Мы обслуживали ее в том парке; не в том, где она раньше жила, а в том, с озером, где утки прогоняют свои заботы и крадут хлеб у ничего не подозревающих малышей, которые ковыляют слишком близко к воде. Мы читали ее любимое стихотворение Ральфа Уолдо Эмерсона, откусывая ее любимое печенье «Хит». Она любила птиц, травяной уголок, смелых белок, резвящихся, когда они хватали объедки, прежде чем убежать. Однажды она сказала мне, что сидела и смотрела на них в те дни, когда чувствовала себя безнадежно. Это помогло ей почувствовать, что здесь есть место для дыхания.

Прошло больше года с тех пор, как мы сбросили Шэрон в воду. В некоторые дни меня все еще преследуют призраки, когда я посещаю парк. Я думаю о том, как она принесла так много жизни в мир в качестве детской медсестры, а позже, в парке с нашими друзьями, которые в настоящее время не находятся дома. Я думаю о том, как она заслуживала лучшего, как даже пара сотен лишних долларов каждый месяц давали бы ей свободу не принимать ужасных решений, достойных апокалиптического романа (еда или похороны). Я думаю о том, как это позволило бы ей выдохнуть после того, как она так долго задерживала дыхание. Я думаю о том, сколько еще Шаронов живет в парке, и чувствую себя безнадежно.

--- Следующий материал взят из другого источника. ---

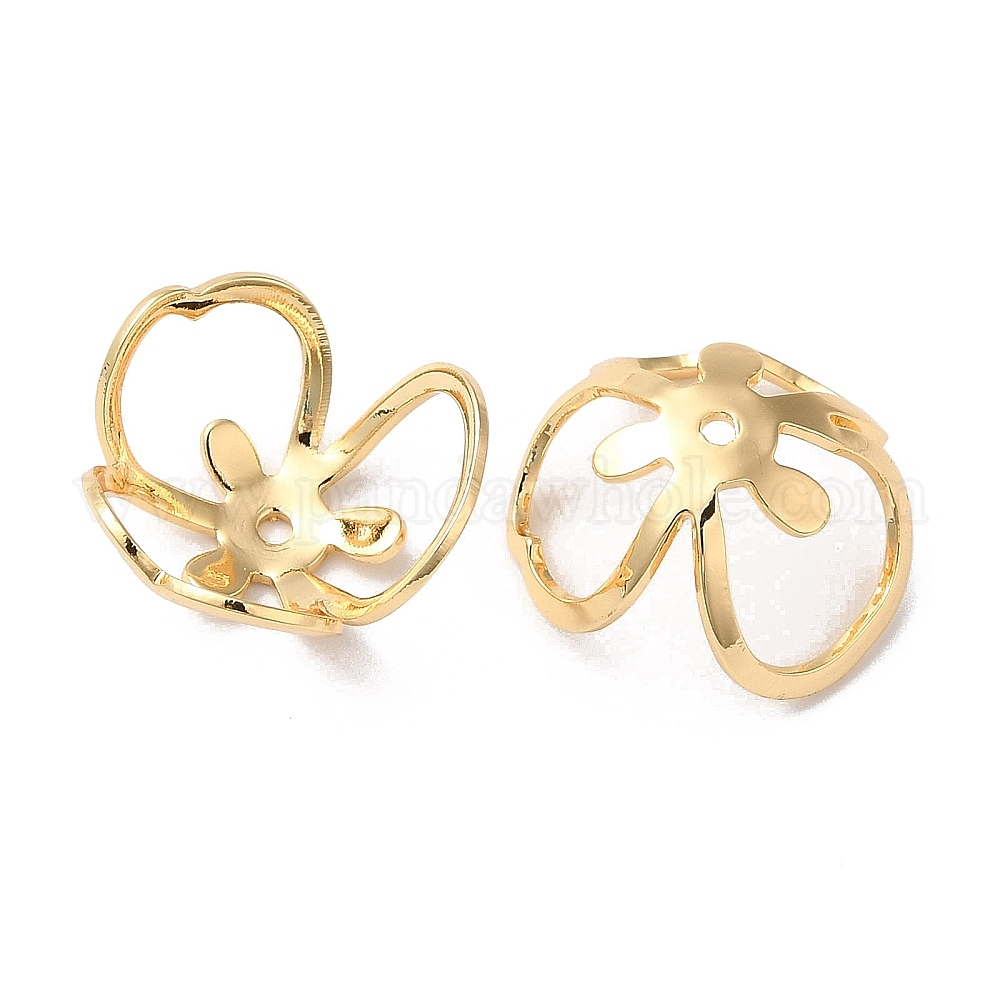 Шапочки и конусы для бусин, латунные, без кадмия, без никеля и без свинца, 3-лепестков цветка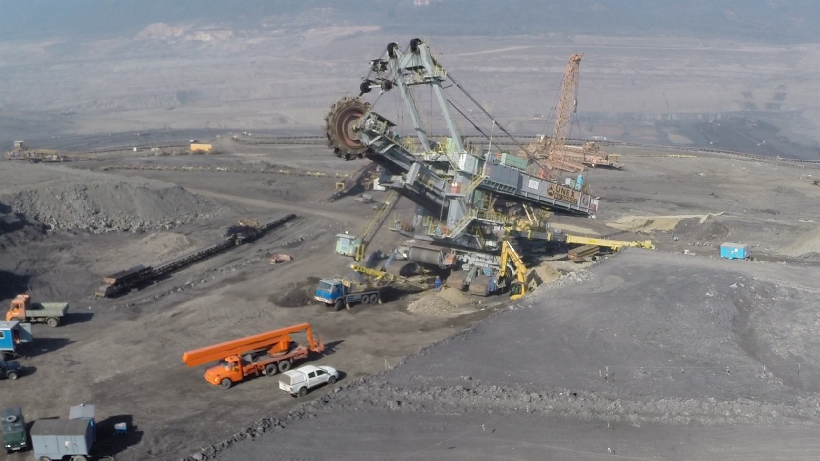 Letecké záběry zapadlého rypadla v lomu na Mostecku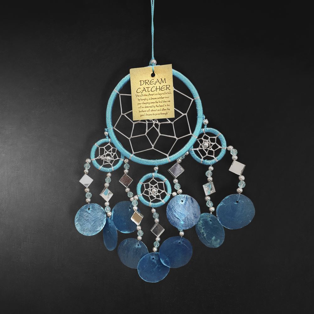 Capiz Dream Catcher is a spiritual tool used to help assure pleasant dreams to those that sleep under it. This handcrafted dream catcher, enhanced with beautiful beadwork, features a 9 cm ring hand wrapped in suede cord, followed by four smaller rings. Only good dreams can pass through while the bad dreams are caught in the webbing and destroyed by the first rays of the morning light.

А потом я мельком замечаю утку, которая кричит и шаркает, и вспоминаю, как Шэрон здесь понравилось. И только на мгновение я чувствую, что могу дышать.

Автор: Эми Кенни — ученый-инвалид и преподаватель Шекспира, которая ненавидит Гамлета. Кенни входит в Целевую группу мэра по вопросам разнообразия, равенства и интеграции в Калифорнии, координирует поддержку людей, живущих по соседству с бездомными, и в настоящее время является соучредителем Jubilee Homes OC, всеобъемлющей инициативы по поддержке жилищного строительства в ее местном сообществе. Ее предстоящая книга «Мое тело-это не молитвенная просьба: правосудие по делам инвалидов в Церкви» дебютирует с Бразосом летом 2022 года.

Источник: audacity.substack.com

Авторизация
*
*
Регистрация
*
*
*
Пароль не введен
*
Генерация пароля

Наш сайт использует файлы cookies, чтобы улучшить работу и повысить эффективность сайта. Продолжая работу с сайтом, вы соглашаетесь с использованием нами cookies и политикой конфиденциальности.